In his December 29 press conference, describing U.S. goals with respect to Gaza, Deputy Press Secretary Gordon Johndroe used the term “sustainable ceasefire” or “sustainable and durable ceasefire” no less than ten times.  Reporters did not ask him to define the term, but they did the next day during his December 30 press conference:

Q How exactly is the United States trying to recreate the ceasefire to make it sustainable and durable? What’s the difference between an immediate ceasefire and one that is sustainable and durable? It sounds like, kind of, semantics.

MR. JOHNDROE: No, I think a ceasefire that is sustainable and durable, what we’ve been calling for, is one that is exactly that — it’s lasting. We don’t just want a ceasefire for the sake of a ceasefire, only for violence to start up immediately, or within the next few weeks. That serves no one’s interest, as President Bush discussed with Prime Minister Fayyad, and —

Q But how do you know that it would be lasting?
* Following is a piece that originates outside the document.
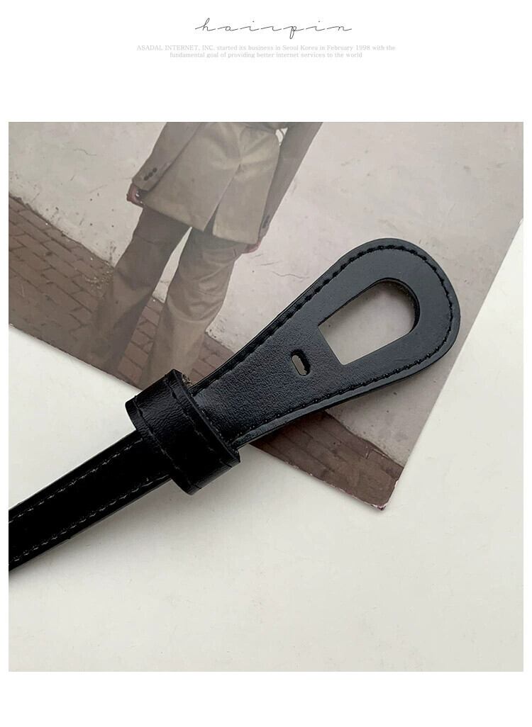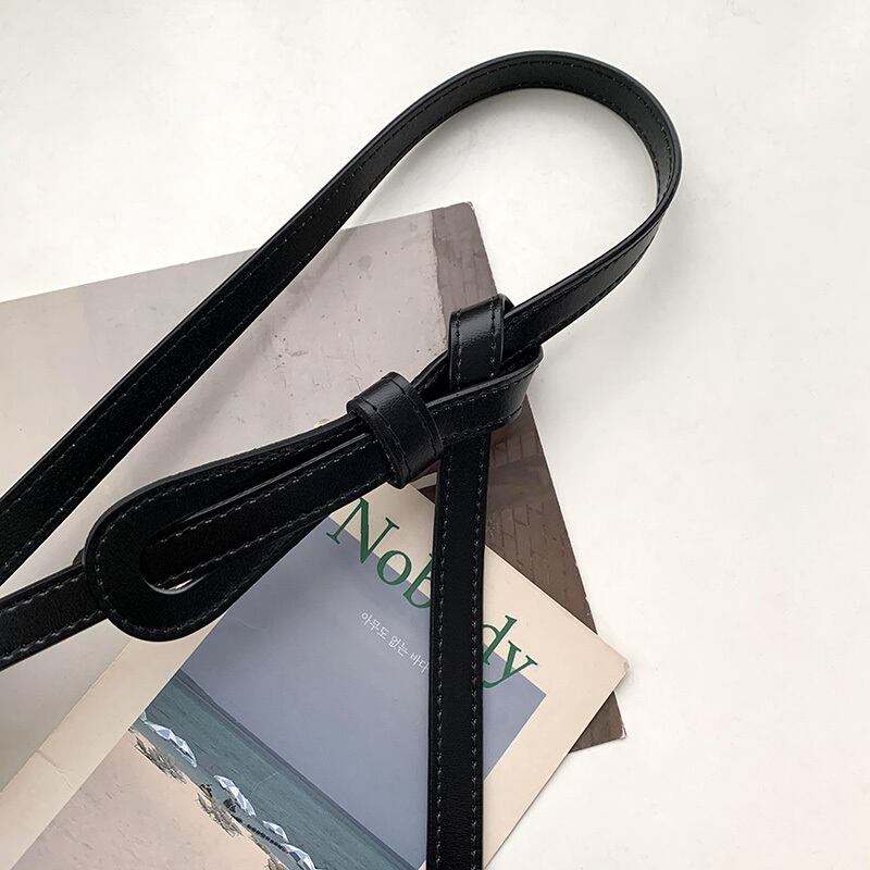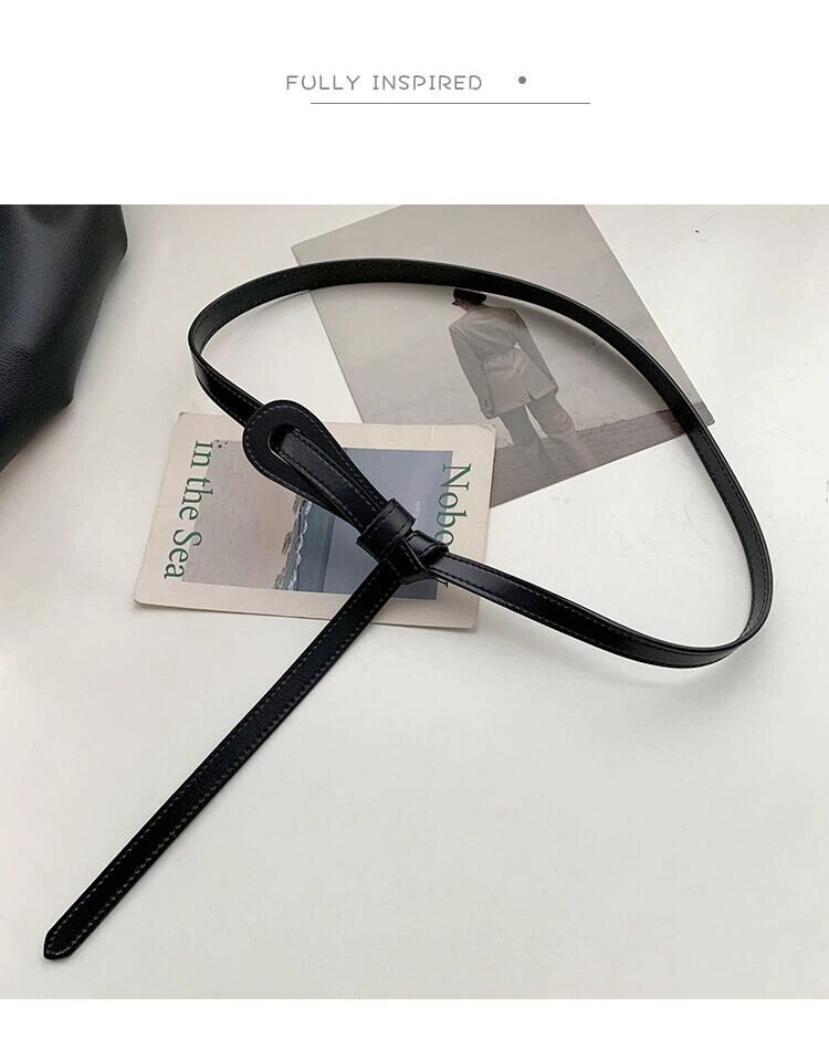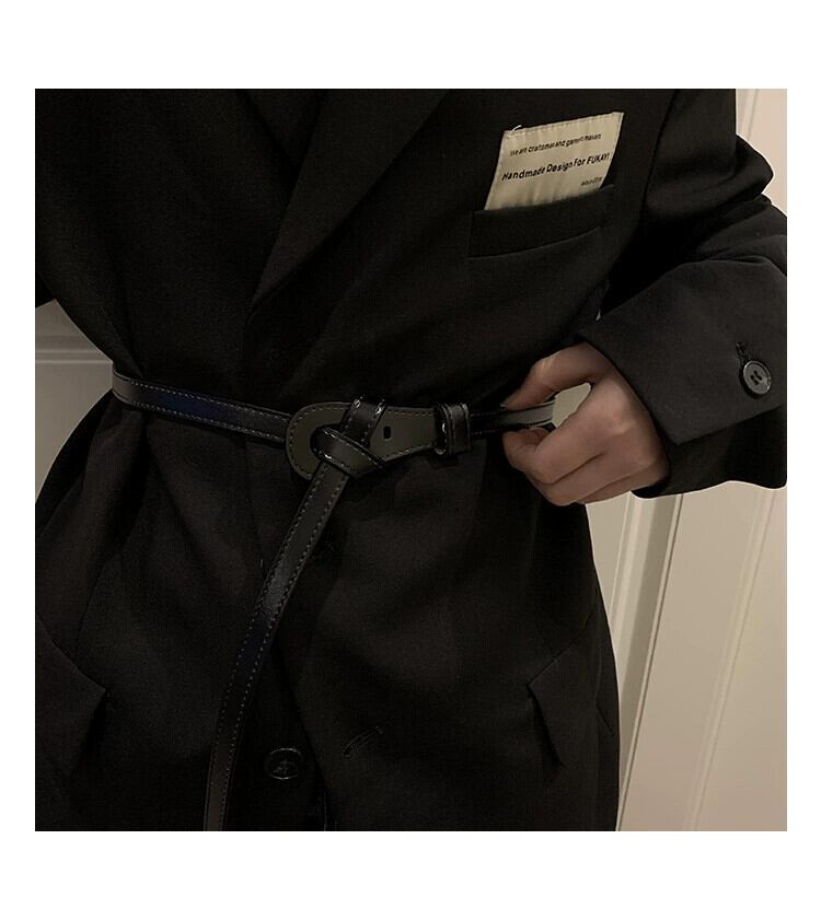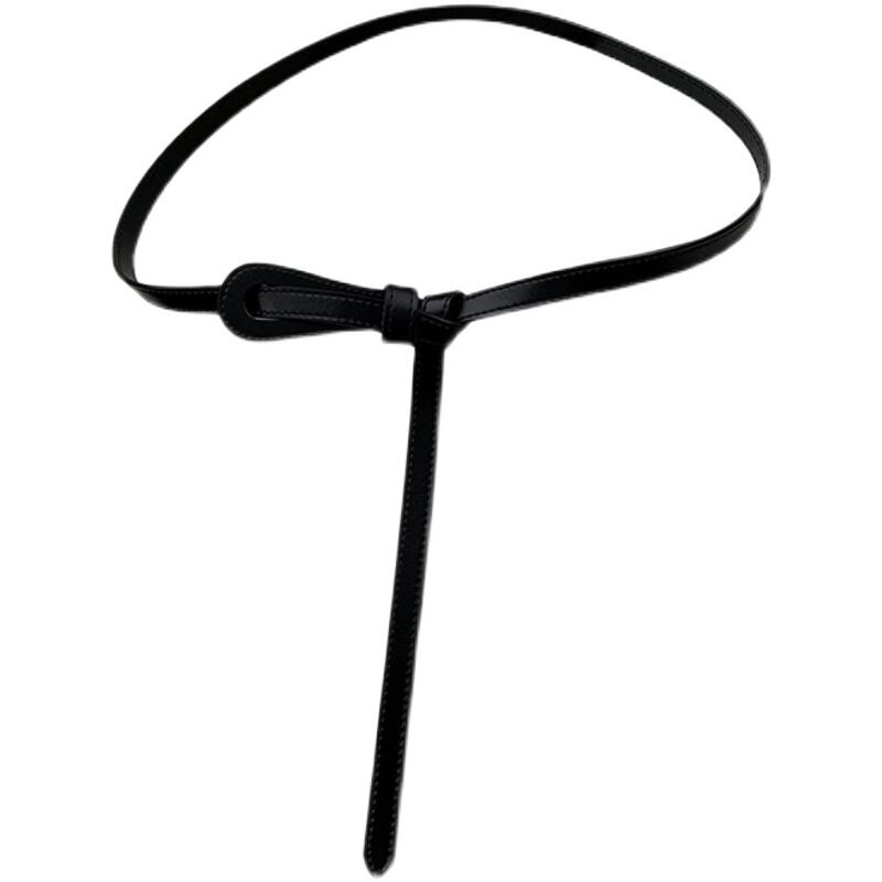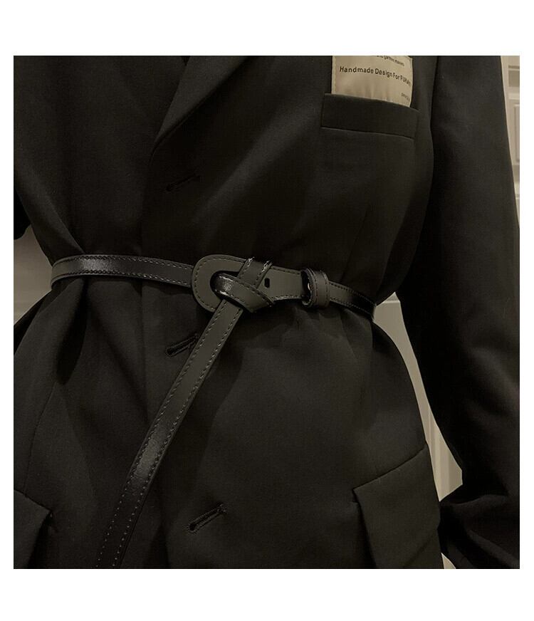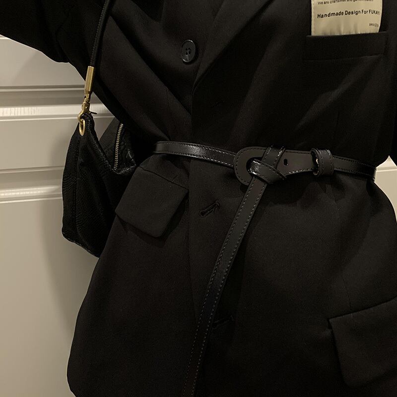 ワンピースと細ベルト付きレディース革結び目飾りスーツウエスト牛革オールマッチコート小黒ベルト ブラック レザー ハーネス 15dd32133545561

MR. JOHNDROE: We have got to get a commitment from Hamas that they would respect any ceasefire and make it lasting and durable. And so until we can get that assurance — not the United States, but until Israel can get that assurance from Hamas — then we’re not going to have a ceasefire that is worth the paper it’s written on.

A “commitment” from Hamas, however, is not going to be worth the paper it’s written on, particularly if Hamas receives, in exchange for the “commitment,” concessions that would effectively strengthen its position as it prepares for the next fight.

A better guide to the meaning of a “sustainable and durable ceasefire” can be found in the answer Condoleezza Rice gave at a July 16, 2006 press briefing at the start of the Second Lebanon War, when she was asked why the United States did not simply call for an immediate ceasefire.  She explained “the real goal here is . . . to bring an end to the violence in a way that is going to be sustainable”:

SECRETARY RICE: . . . I can tell you right now if violence ends on the basis of somehow Hezbollah or Hamas continuing to hold in their hands the capabilities anytime they wish to start launching rockets again into Israel . . . if violence ends on the basis of Syria and Iran being able to turn on the key again anytime, we will have achieved very, very little, indeed, and we will be right back here, perhaps in a worse circumstance because the terrorists will assume that nobody is willing to take on what has been a very clear assault. . . .

Two and a half years later, Hezbollah has more than doubled the amount of rockets it had prior to the war.  The UN force inserted to police the ceasefire did not prevent the re-arming of Hezbollah, nor will it prevent the re-launching of rockets if and when Hezbollah decides.

In fact, the conclusion of that war — complete with a “binding” UN resolution and a UN force – led to the creation on Israel’s southern border of exactly the “worse circumstance” Rice described.  Hamas assumed (correctly) that nobody would take on an even clearer assault:  year after year of rockets on Israeli civilians.

To use the standard Rice set forth in 2006, a sustainable and durable ceasefire is one during which Hamas does not continue “to hold in their hands the capabilities anytime they wish to start launching rockets again into Israel.”  It requires the practical disarmament of Hamas and the permanent elimination of tunnels or other means of smuggling or rearmament.

Anything less will be a ceasefire, but not a sustainable and durable one.